7 min read

Natural Language Processing in Map Client: A Proof of Concept

Natural Language Processing in Map Client: A Proof of Concept

Overview & Goals

As Large Language Models (LLMs) are released almost monthly, many businesses are eager to integrate "AI" into their operations. While I believe that not all processes require AI implementation, and many current AI implementations are simply sophisticated, fancy automation, LLMs excel at natural language processing. With models becoming smaller and more efficient, we can now host them locally using numerous open-source options. This article explores my journey in staying current with AI developments and experimenting with practical applications.

In my field of work, the representation of geospatial data on maps is a crucial component of many applications. Observing how LLMs continue to improve while becoming more resource-efficient, I became curious about how AI could enhance map interactions. This led me to develop a proof of concept for natural language processing in map clients.

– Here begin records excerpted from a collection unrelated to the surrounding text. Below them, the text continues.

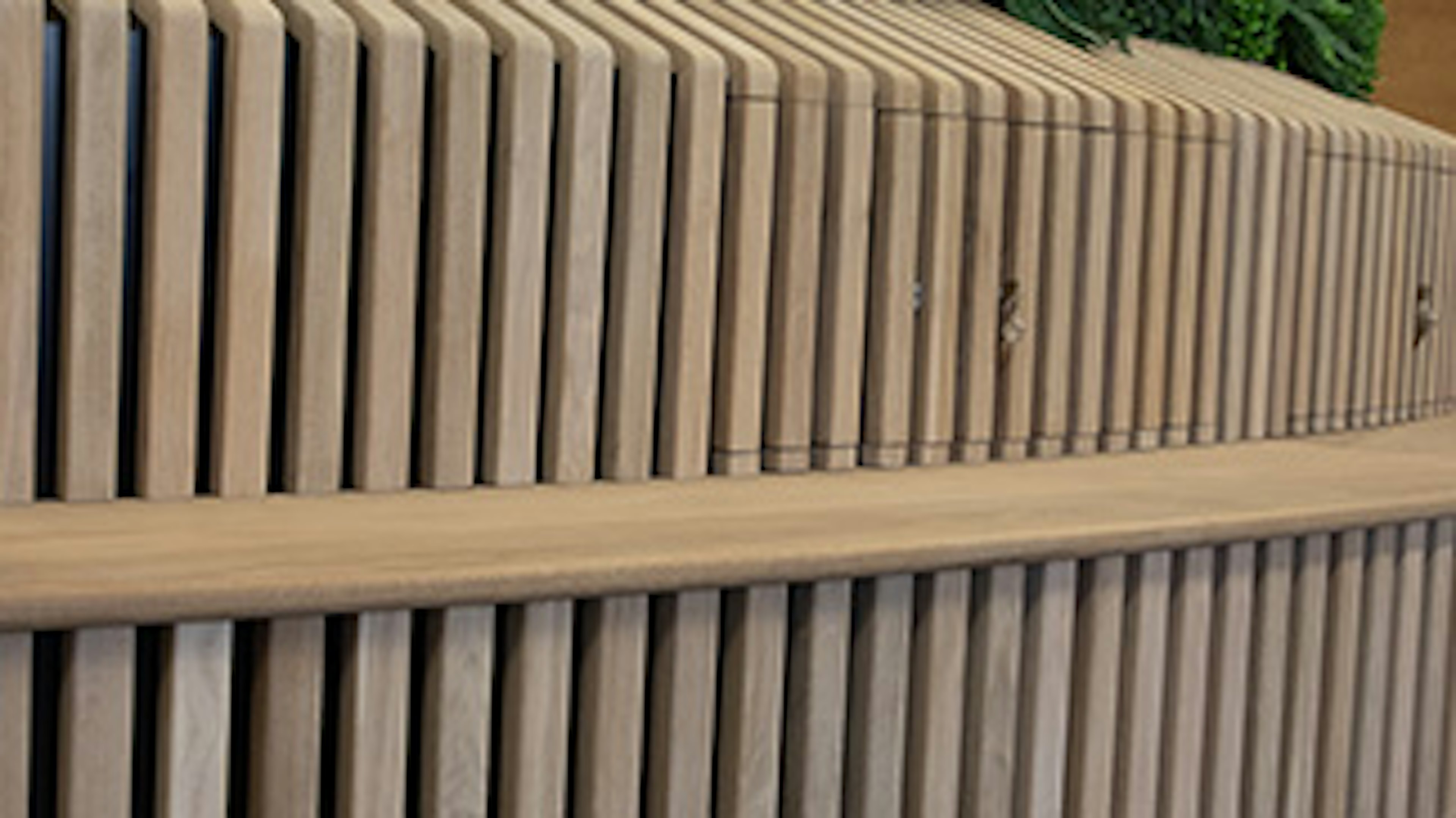 The rear elevation incorporates artificial foliage and a dedicated seating area, crafted from full-stave English Oak, slatted Oak elements feature pencil-rounded edges and a fire-retardant finish, adding warmth, texture and craftsmanship.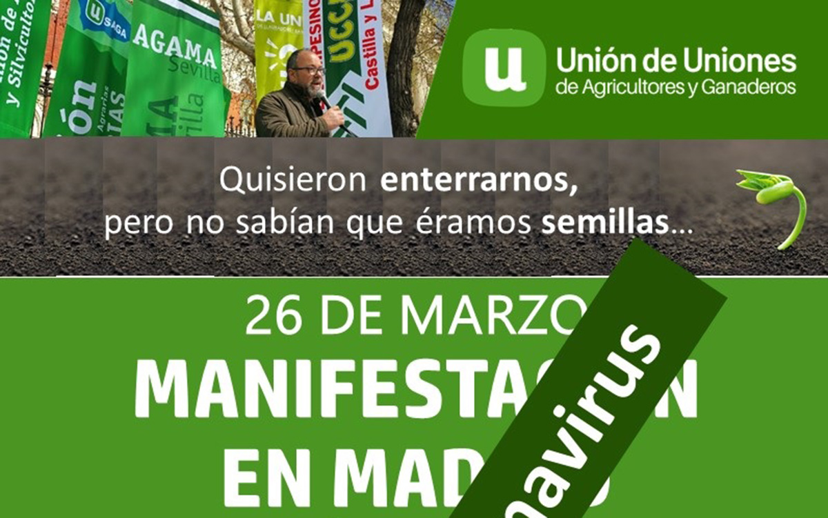 Unión de Uniones se ha dirigido este viernes por escrito a la Delegación del Gobierno en Madrid para comunicar el aplazamiento de la manifestación prevista para el próximo jueves 26 de marzo frente el Ministerio de Agricultura, en Atocha, ante la ausencia de instrucciones y recomendaciones claras y por escrito hasta la fecha, para garantizar la integridad sanitaria de los asistentes en el actual escenario de coronavirus.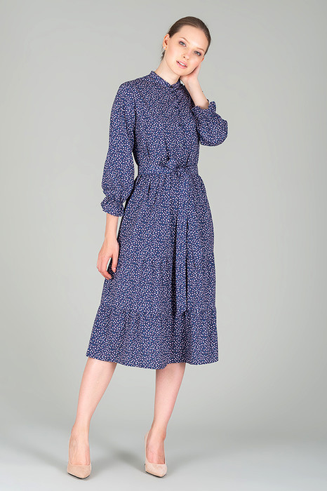 Платье свободного силуэта из струящейся плательной ткани. Изделие отрезное по линии талии, со сборкой на юбке. Лиф с застёжкой на пуговицы. Вырез горловины обработан воротником-стойкой. Втачной рукав в романтическом стиле, присборен на резинку. В комплекте пояс из основной ткани.
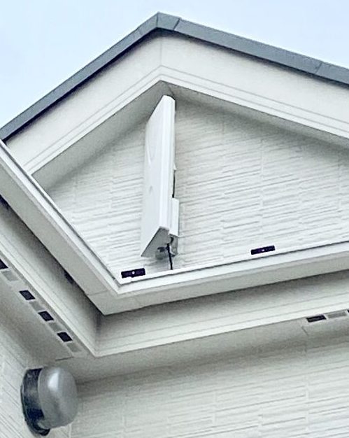 切妻屋根の合掌部分の壁面にデザインアンテナ設置を行いました。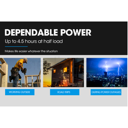 - Continuous Work Time: 4.5 hr (50% load) 2.5hr (100% load)

The Vision: Natural Language Map Interaction

Currently, map interactions rely primarily on traditional input methods: mouse clicks, hover events, drag operations, and touch gestures on mobile devices. But imagine typing commands like:

  • "Can you show me features A for the New York area?"
  • "Could you play the radar animation for Australia?"
  • "Hide all traffic layers and zoom to downtown San Francisco"

The map would then automatically adjust the view, toggle layers, and execute your requests. Essentially, becoming your intelligent geospatial assistant.

Technical Foundation

LLMs cannot directly interact with client-side mapping libraries (MapLibre, OpenLayers, Leaflet, etc.). However, we can leverage structured output or controlled generation to make LLMs produce specific formats like JSON, XML, or YAML.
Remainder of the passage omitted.